◆ WHAT IS BEING ASKED
Output every line below exactly, please, omitting pictures.

───── GIVEN INFORMATION ─────

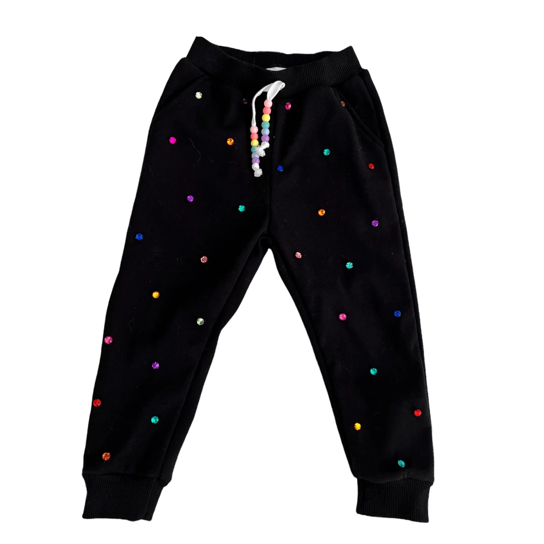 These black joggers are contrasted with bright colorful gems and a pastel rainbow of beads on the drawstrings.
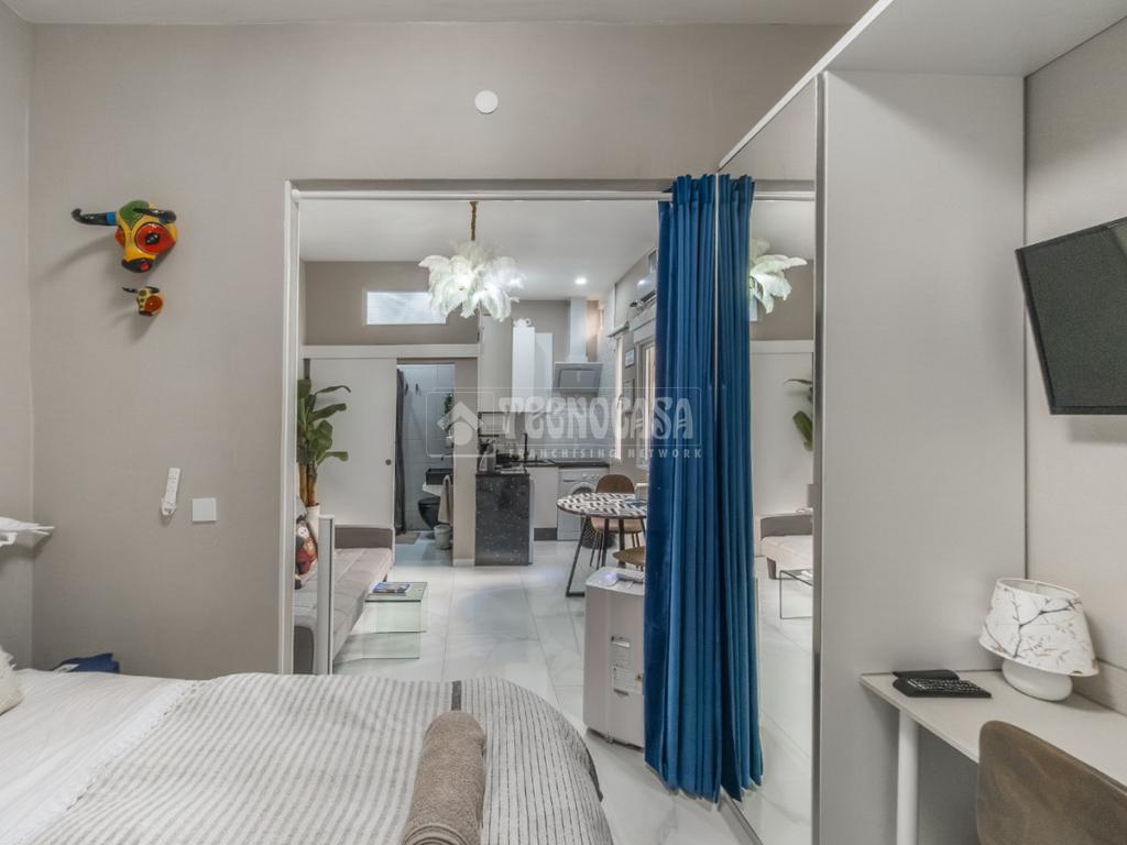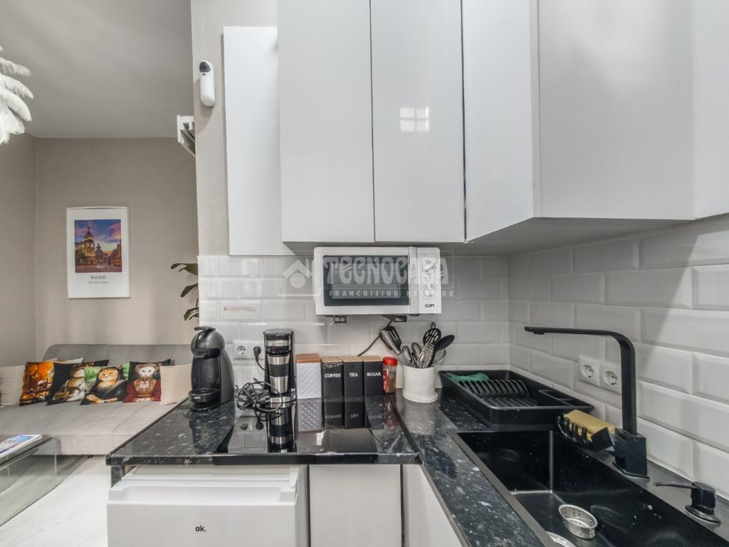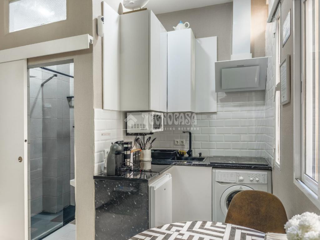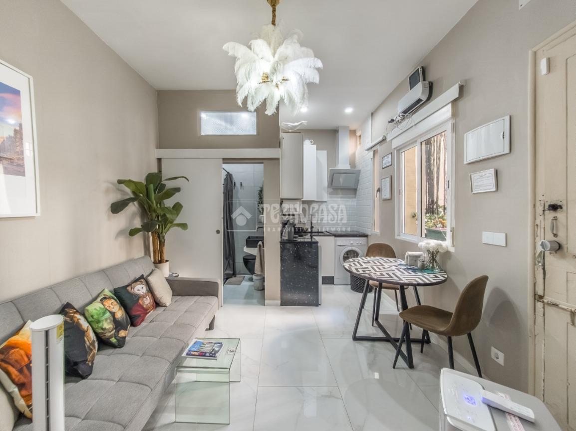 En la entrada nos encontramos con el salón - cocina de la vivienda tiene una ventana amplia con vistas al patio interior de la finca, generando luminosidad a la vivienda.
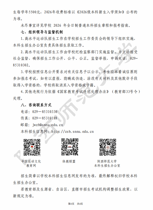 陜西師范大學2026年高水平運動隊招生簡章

─────

◆ ANSWER BOX
 These black joggers are contrasted with bright colorful gems and a pastel rainbow of beads on the drawstrings.
 En la entrada nos encontramos con el salón - cocina de la vivienda tiene una ventana amplia con vistas al patio interior de la finca, generando luminosidad a la vivienda.
 陜西師范大學2026年高水平運動隊招生簡章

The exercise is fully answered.